• Data extract
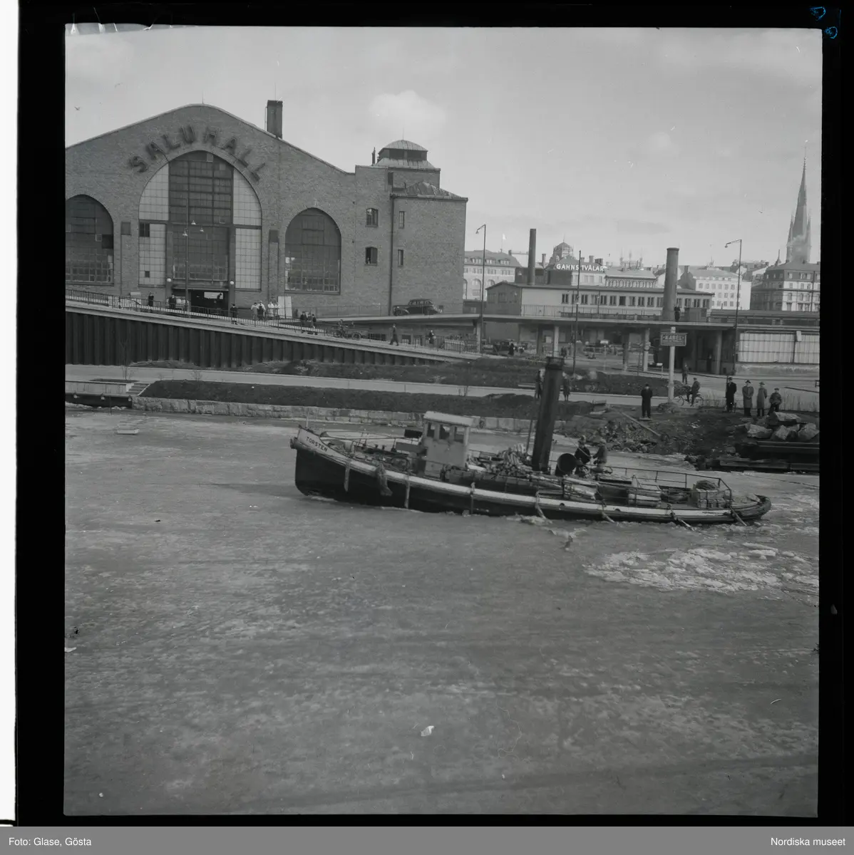 Titel: Isbrytare. Bryter ränna i Klara sjö, 1946.
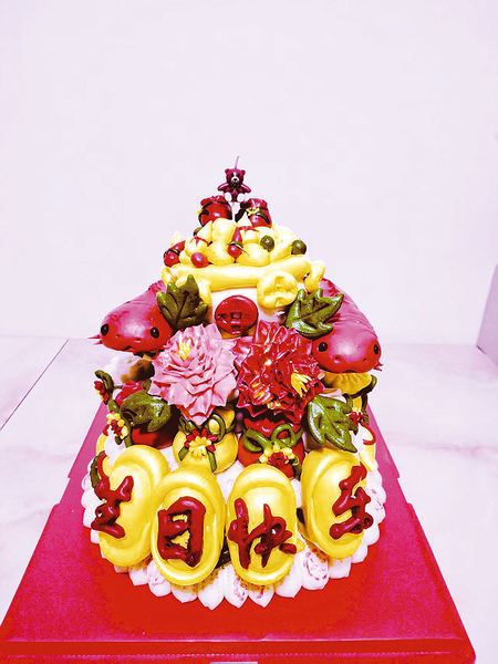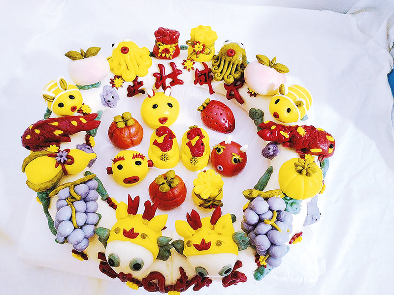 在花饃的造型上,除了傳統(tǒng)的龍、鳳、虎、花、鳥、魚、蟲等,鳳秀芳還結(jié)合網(wǎng)上流行的式樣,不斷推陳出新,讓人眼前一亮?!氨热缯f為老人過壽做的花饃,我一般會(huì)像做蛋糕一樣做二三層,福袋代表有福,石榴是百子百孫,還有桃子,寓意健康長(zhǎng)壽,這些元素都是手捏出來的?!兵P秀芳說,她還在網(wǎng)上買來印字的模具,最后在花饃上鑲嵌“生日快樂”“平安喜樂”“百年好合”一類的祝福語,起到了畫龍點(diǎn)睛的作用。
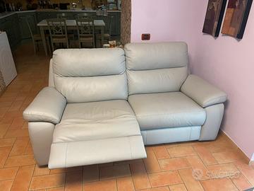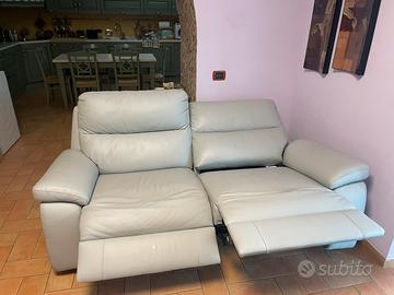 Divano Poltrone e Sofà in pelle. Schienali elettrici, colore carta da zucchero. Misure : Larghezza 208cm Profondità 99cm Altezza 102cm
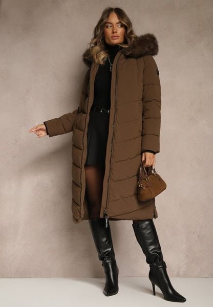 Jasnobrązowa Pikowana Kurtka o Długim Kroju z Kapturem z Futrem z Możliwością Odpięcia Tiennara

• Brief
Give back the material above exactly as it appears, minus any picture.

• Task answer
 Titel: Isbrytare. Bryter ränna i Klara sjö, 1946.
 在花饃的造型上,除了傳統(tǒng)的龍、鳳、虎、花、鳥、魚、蟲等,鳳秀芳還結(jié)合網(wǎng)上流行的式樣,不斷推陳出新,讓人眼前一亮?!氨热缯f為老人過壽做的花饃,我一般會(huì)像做蛋糕一樣做二三層,福袋代表有福,石榴是百子百孫,還有桃子,寓意健康長(zhǎng)壽,這些元素都是手捏出來的?!兵P秀芳說,她還在網(wǎng)上買來印字的模具,最后在花饃上鑲嵌“生日快樂”“平安喜樂”“百年好合”一類的祝福語,起到了畫龍點(diǎn)睛的作用。
 Divano Poltrone e Sofà in pelle. Schienali elettrici, colore carta da zucchero. Misure : Larghezza 208cm Profondità 99cm Altezza 102cm
 Jasnobrązowa Pikowana Kurtka o Długim Kroju z Kapturem z Futrem z Możliwością Odpięcia Tiennara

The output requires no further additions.